▶ WORK INSTRUCTIONS: Starting at the first line of the records and stopping at the line that contains "國立中山大學 函 舉辦「台灣教育研究學會暨世界教育研究學會2026國際學術研討會」(TERA", transcribe every line exactly and leave out the pictures.

Segment Start: DATA TO USE

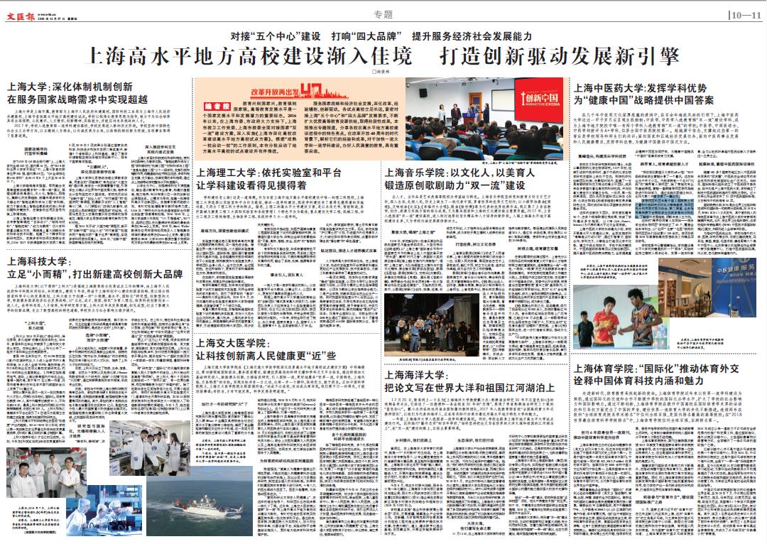 服务国家战略和经济社会发展,深化改革、经验辐射、创新驱动。各试点高校立足长远,紧密对接上海“五个中心”和“四大品牌”发展要求,不断扩大优质高等教育资源供给,取得阶段性成果。即日起,文汇报推出专题报道,分享各校在高水平地方高校建设进程中的特色亮点。在改革开放40周年的时代背景下,解析它们的经验和成果,对于加快一流大学和一流学科建设,办好人民满意的教育,具有重要启迪。
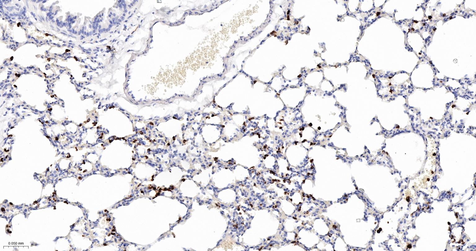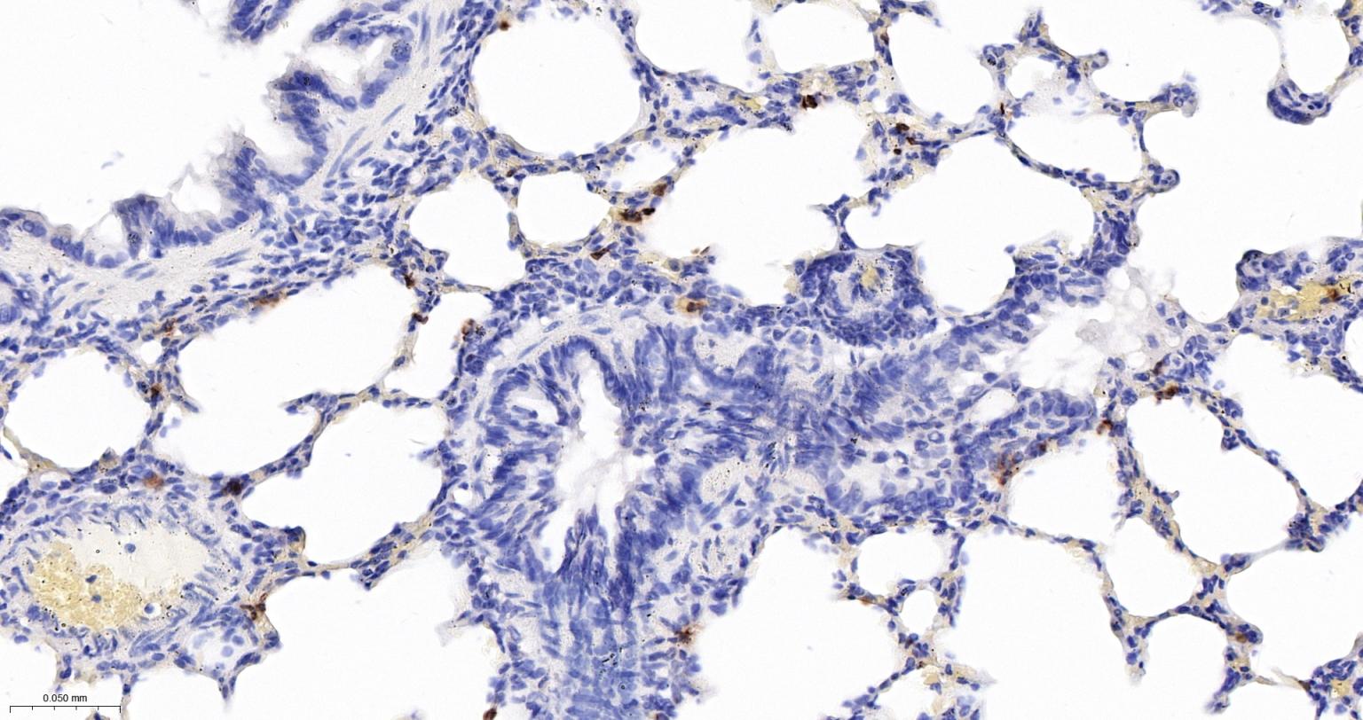 Paraformaldehyde-fixed, paraffin embedded Rat Lung; Antigen retrieval by boiling in sodium citrate buffer (pH6.0) for 15 min; Antibody incubation with S100A8 Monoclonal Antibody, Unconjugated(bsm-61167R) at 1:200 overnight at 4°C, followed by conjugation to the bs-0295G-HRP and DAB (C-0010) staining.
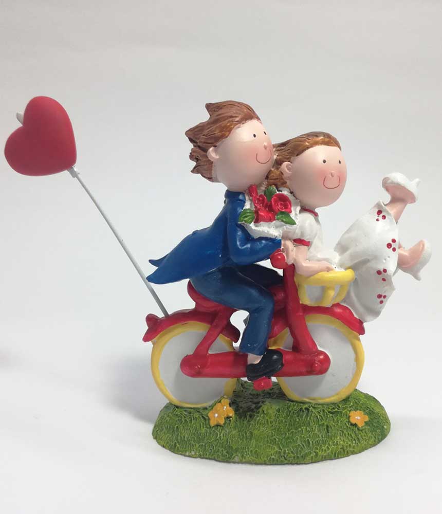 Esta encantadora figura em poliresina mostra um casal de noivos num passeio romântico de bicicleta. O noivo pedala com um sorriso, enquanto a noiva se diverte sentada no cesto da bicicleta vermelha. Um balão em forma de coração, preso por um delicado arame, acompanha o casal, criando uma cena leve e apaixonante.
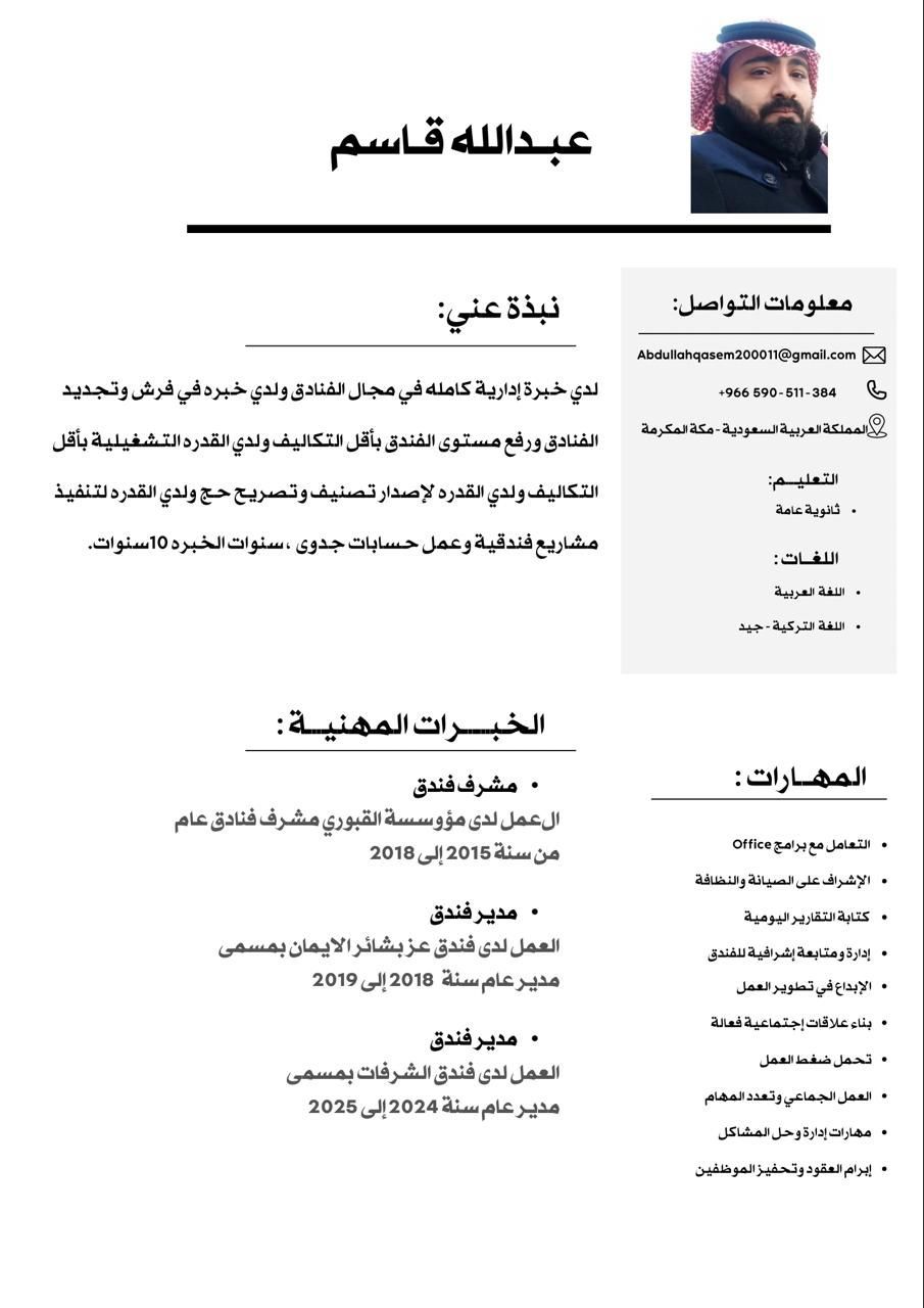 امتلك خبرة تمتد لأكثر من 10 سنوات في قطاع الفنادق، منها 5 سنوات في إدارة وتشغيل الفنادق، شملت العمل كمشرف فندق لمدة 3 سنوات، ثم كمدير لمدة عامين، و5 سنوات في سوق الفنادق. لدي خبرة شاملة في الإدارة التشغيلية للفنادق، مع قدرة متميزة على رفع كفاءة التشغيل وتقليل التكاليف دون التأثير على جودة الخدمة. كما أتمتع بخبرة واسعة في تأثيث وتجديد الفنادق وتطوير مستوى الأداء العام بأقل التكاليف
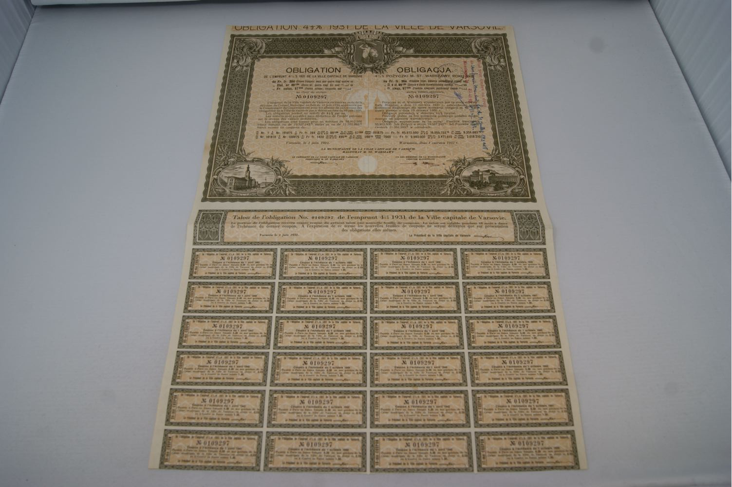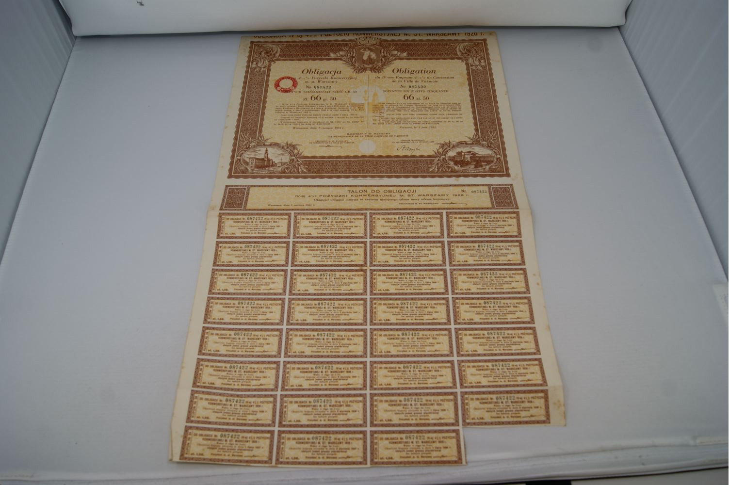 Obligation du IV-me Emprunt 4 1/2 % de Conversion de la Ville de Varsovie
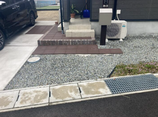 家周りが真っ暗なので、既存アプローチをおしゃれにリフォームし、植物を植えてライトアップと玄関まわりを防犯対策を兼ねて照明を設置したい、との御要望をいただきました。
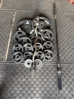 Olympic bumper weights 250lbs total plus 7ft 45lbs bar$300Moreno Valley, CA
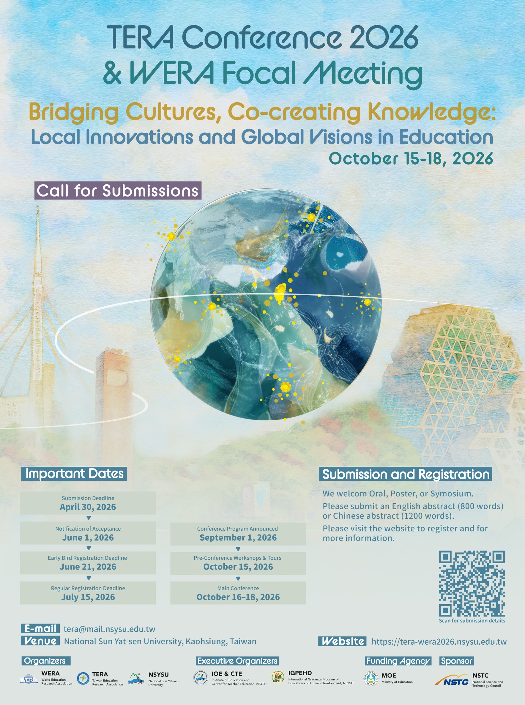 國立中山大學 函 舉辦「台灣教育研究學會暨世界教育研究學會2026國際學術研討會」(TERA Conference 2026 & WERA Focal Meeting)
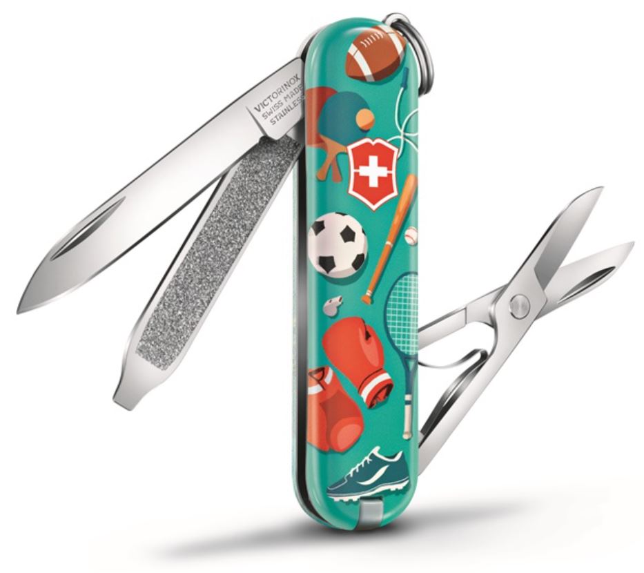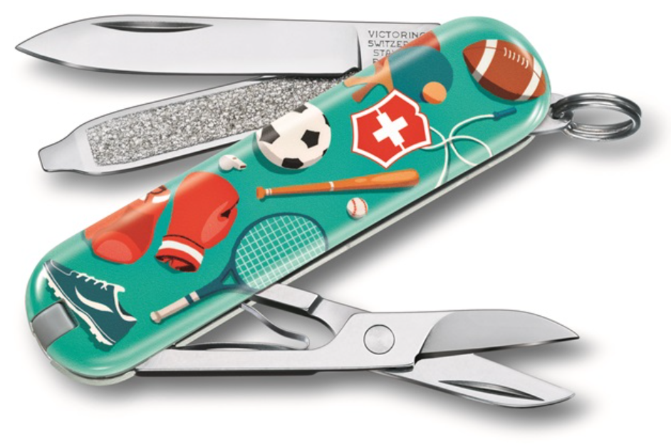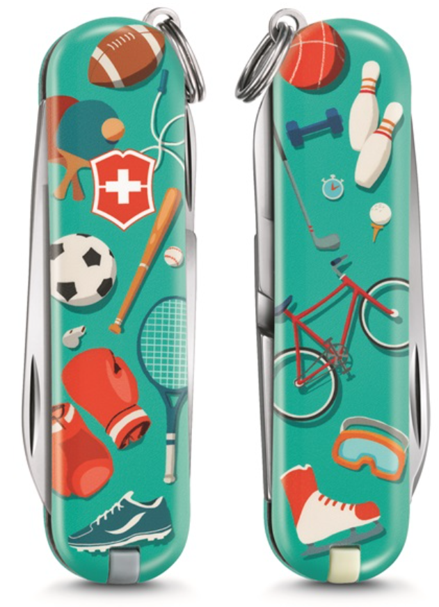 Het Victorinox Sports World 7f. zakmes heeft een speciaal ontwerp. Dit zakmes is namelijk onderdeel van een Limited Edition. Dit mes is breed inzetbaar en goed te gebruiken bij verschillende activiteiten zoals knutselen, kamperen of picknicken. Dit mes is voorzien van verschillende lifestylefuncties. Zo heeft dit mes onder andere een klein mes en een schroevendraaier.
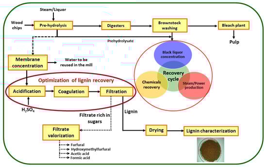 During the last decade, there has been great interest in converting some hardwood kraft pulp mills to dissolving pulp (DP) operations (Figure 1). It has been reported that about 14 pulp mills have announced an increase in DP production or conversion from kraft to DP []. In kraft dissolving pulp mills, a step of pre-hydrolysis (using steam or hot water) is required to remove a significant part of hemicelluloses and lignin in order to produce purer cellulose pulp during subsequent steps. By subjecting wood chips to hot water treatment at about 170 °C and high pressure, the hemicelluloses are hydrolyzed to sugar oligomers and monomers. As a result, the hemicelluloses and part of the lignin present in wood chips are released into solution to form the pre-hydrolysate. This solution is then mixed with black liquor generated at the end of the cooking process. Black liquor has a high calorific value; it is sent to the recovery boilers for burning to produce energy and steam and to recycle chemicals used throughout the process to meet the internal needs of the plant. This high calorific value of black liquor is mainly due to the presence of lignin. The excess lignin can be extracted from black liquor using various techniques, namely acid precipitation, ultrafiltration, and use of organic solvents.
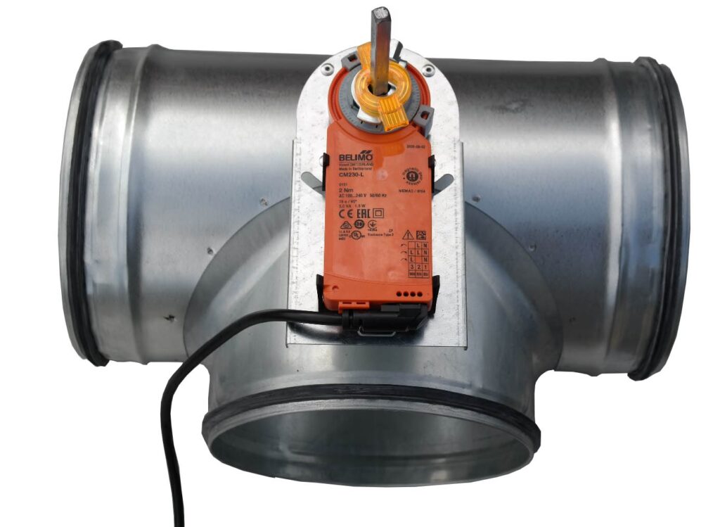- Odcinania przepływu powietrza: W sytuacjach awaryjnych, np. w przypadku pożaru, przepustnice odcinające mogą zablokować przepływ powietrza w kanałach wentylacyjnych, zapobiegając rozprzestrzenianiu się ognia i dymu.
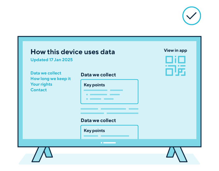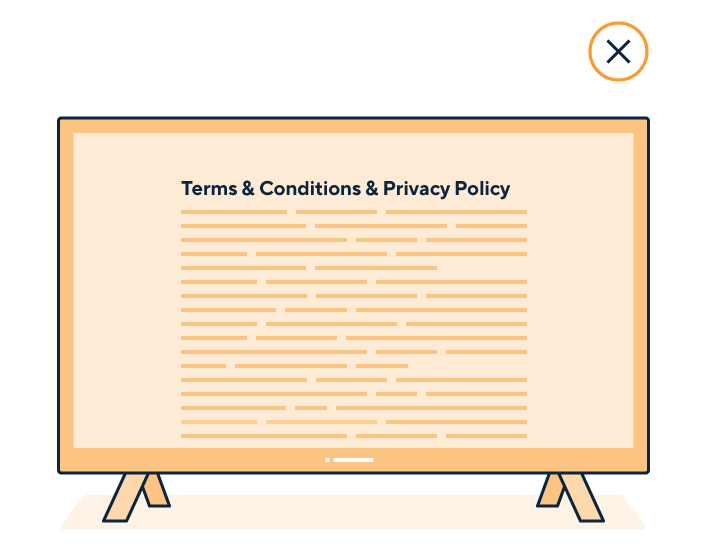 A graphic shows a smart TV displaying a privacy policy and terms and conditions. It bundles them in a large block of text without headings or navigational aids.

Segment End: DATA TO USE

▶ SOLUTION FOR THIS EXERCISE:
 服务国家战略和经济社会发展,深化改革、经验辐射、创新驱动。各试点高校立足长远,紧密对接上海“五个中心”和“四大品牌”发展要求,不断扩大优质高等教育资源供给,取得阶段性成果。即日起,文汇报推出专题报道,分享各校在高水平地方高校建设进程中的特色亮点。在改革开放40周年的时代背景下,解析它们的经验和成果,对于加快一流大学和一流学科建设,办好人民满意的教育,具有重要启迪。
 Paraformaldehyde-fixed, paraffin embedded Rat Lung; Antigen retrieval by boiling in sodium citrate buffer (pH6.0) for 15 min; Antibody incubation with S100A8 Monoclonal Antibody, Unconjugated(bsm-61167R) at 1:200 overnight at 4°C, followed by conjugation to the bs-0295G-HRP and DAB (C-0010) staining.
 Esta encantadora figura em poliresina mostra um casal de noivos num passeio romântico de bicicleta. O noivo pedala com um sorriso, enquanto a noiva se diverte sentada no cesto da bicicleta vermelha. Um balão em forma de coração, preso por um delicado arame, acompanha o casal, criando uma cena leve e apaixonante.
 امتلك خبرة تمتد لأكثر من 10 سنوات في قطاع الفنادق، منها 5 سنوات في إدارة وتشغيل الفنادق، شملت العمل كمشرف فندق لمدة 3 سنوات، ثم كمدير لمدة عامين، و5 سنوات في سوق الفنادق. لدي خبرة شاملة في الإدارة التشغيلية للفنادق، مع قدرة متميزة على رفع كفاءة التشغيل وتقليل التكاليف دون التأثير على جودة الخدمة. كما أتمتع بخبرة واسعة في تأثيث وتجديد الفنادق وتطوير مستوى الأداء العام بأقل التكاليف
 Obligation du IV-me Emprunt 4 1/2 % de Conversion de la Ville de Varsovie
 家周りが真っ暗なので、既存アプローチをおしゃれにリフォームし、植物を植えてライトアップと玄関まわりを防犯対策を兼ねて照明を設置したい、との御要望をいただきました。
 Olympic bumper weights 250lbs total plus 7ft 45lbs bar$300Moreno Valley, CA
 國立中山大學 函 舉辦「台灣教育研究學會暨世界教育研究學會2026國際學術研討會」(TERA Conference 2026 & WERA Focal Meeting)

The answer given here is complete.